The selection of the endpoints (the bases for comparison between groups) is important, and the study is generally planned around a single endpoint (the primary endpoint), with a few others of interest (secondary or tertiary endpoints). Use of a posteriori end-points (endpints that weren’t used in the planning) are generally reserved for hypothesis generation, unless a posterior power analysis establishes the basic power of the study in regards to that endpoint.

Even in cases where a significant difference is found, the actual difference in endpoint might not be clinically meaningful. One must compare the scale of the difference to clincial considerations.

The basic summary result for a test is the p-value. The p-value is a conditional probability, the probability of observing a difference more extreme than our single observed difference if the null hypothesis is correct and the study were repeated (replicated) a large number of times. P-values sufficiently close to zero suggest that the obeserved difference is highly unusual if the null hypothesis is true. This is where the 5% and 1% values come in, as arbitrary standards.

Clinical and logistic considerations can damage a trial: imprecise or mis-classification of clinical endpoints; faulty randomization of subjects; excessive or imbalanced drop-off of subjects; non-compliance of subjects to the study protocol; breaking the study blinds by clinical personnel or study subjects; insufficient follow-up time.

Finally, the study populations used are generally not suitable for easy generalization to the general population. Study eligibility is generally restricted to allow an optimally “clean” interpretation of results.
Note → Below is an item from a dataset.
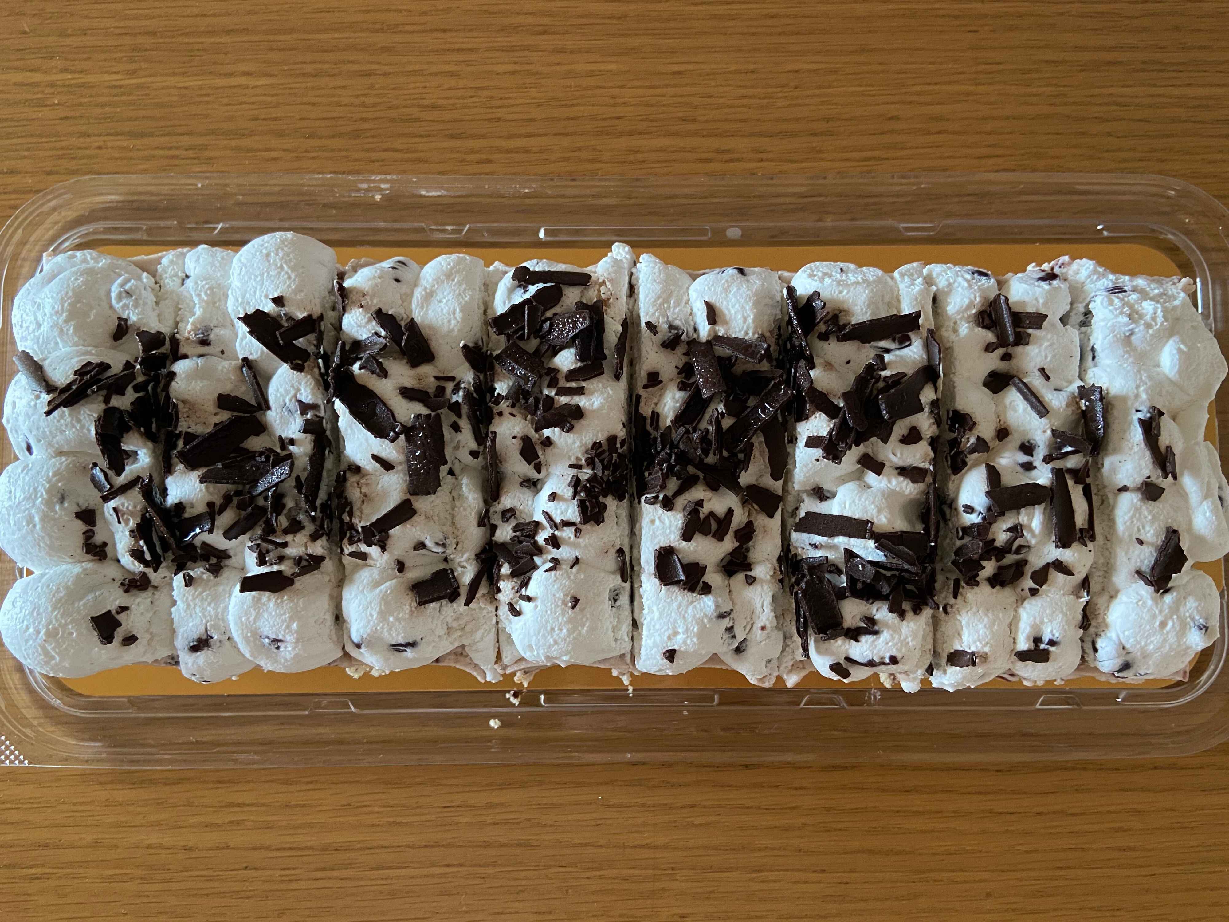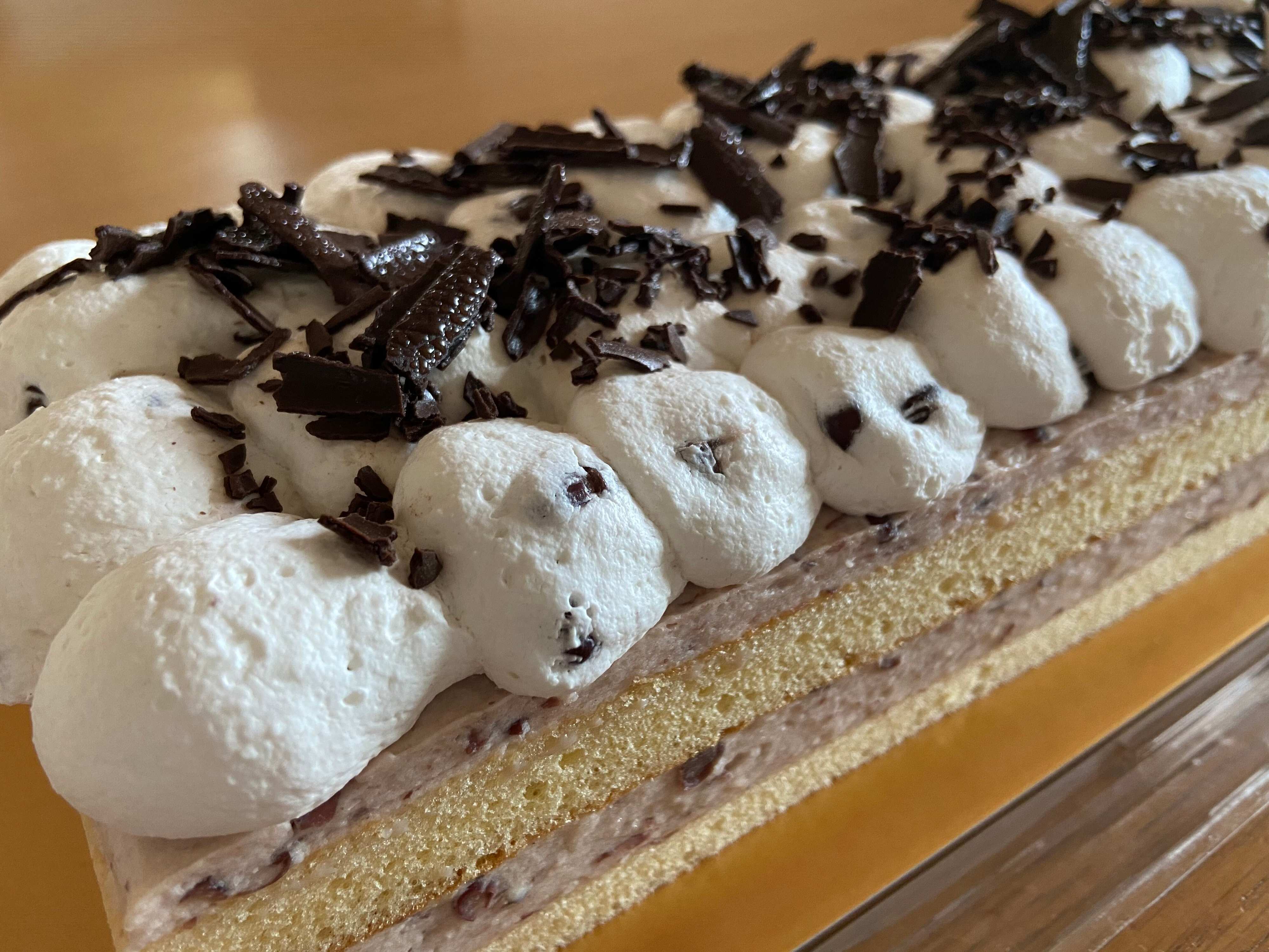 ずっしり重みのある1kg超えのバーケーキ!スポンジ生地とあずきクリームがきれいな層にないっています。トップにはたっぷりのホイップクリームにシェービングチョコ。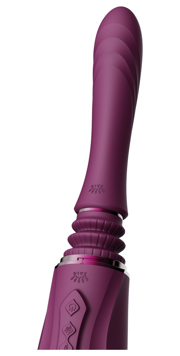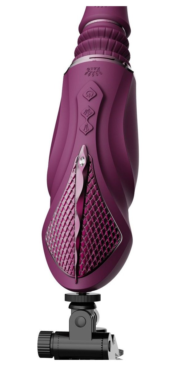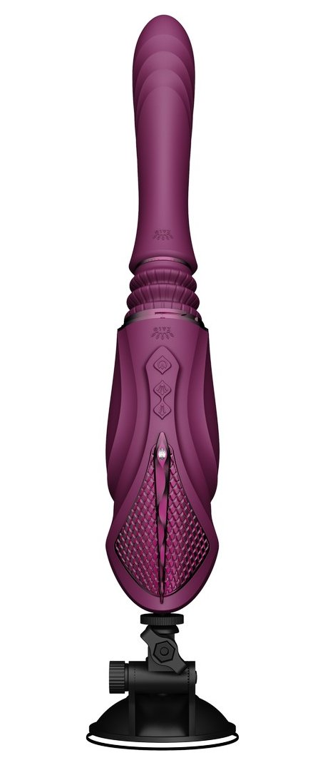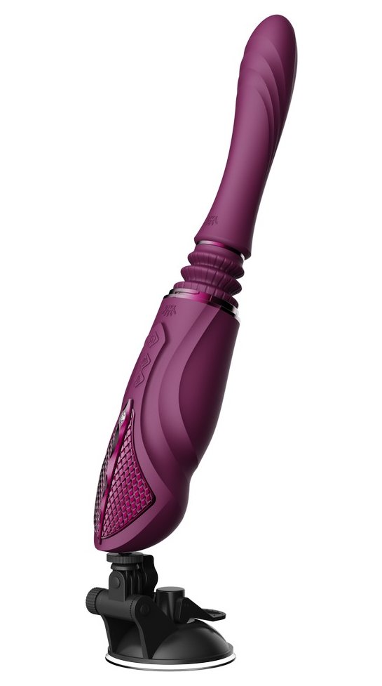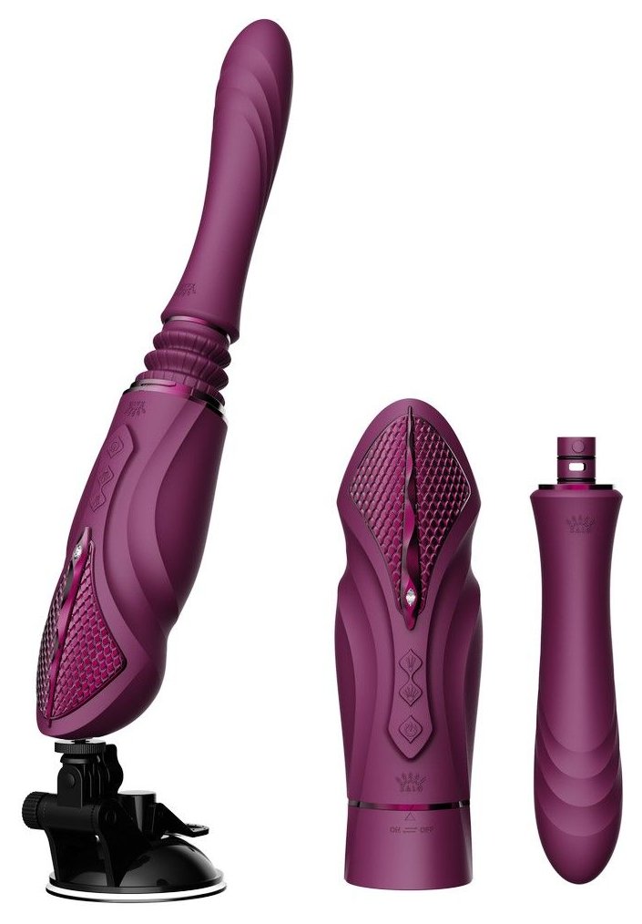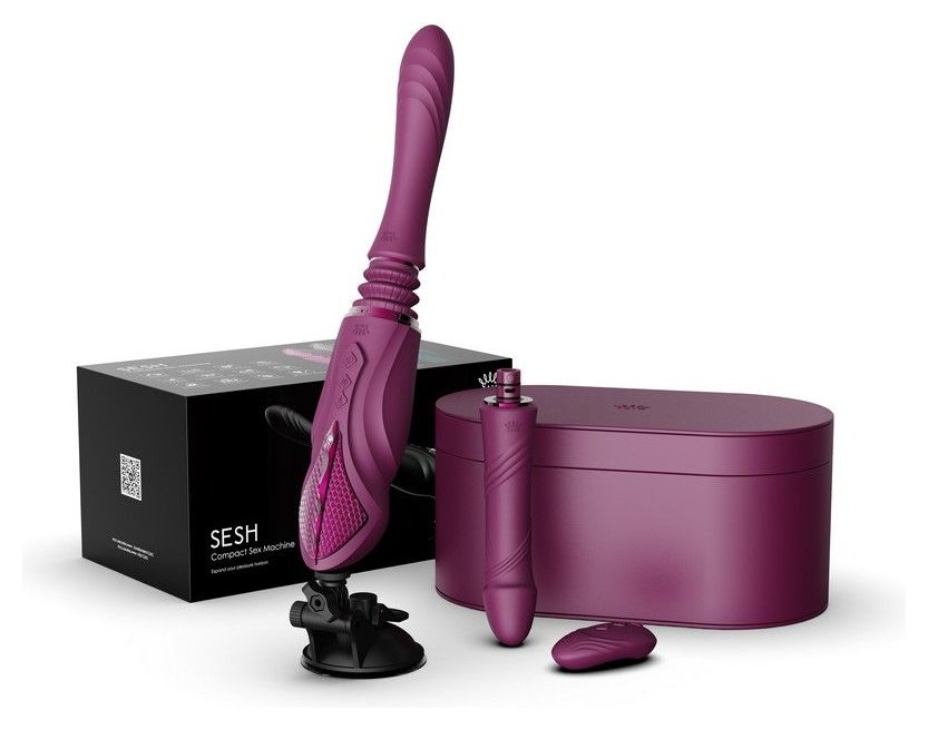 Фиолетовая секс-машина с функцией нагрева, насадками и присоской Sesh

In the current model, Phase IV (post-license) studies serve as a check on the safety of licensed medications as they are used in general populations.

So there was a recent study (the link over here is now broken, unfortunately) that found that only those with the worst pain got any benefit, and only from the combination of Glucosamine + Chondroitin. So I stopped taking my G+C to see what would happen. I sure notice the difference (it’s my thumbs that hurt–genetic or years of guitar playing?). Does the study suggest that I’m being taken in by the placebo effect, or does the stuff really help me? Is there any way to know for sure? Is it possible that taking the supplements will prevent/minimize further damage? It seems clear that nothing will repair the damage already done.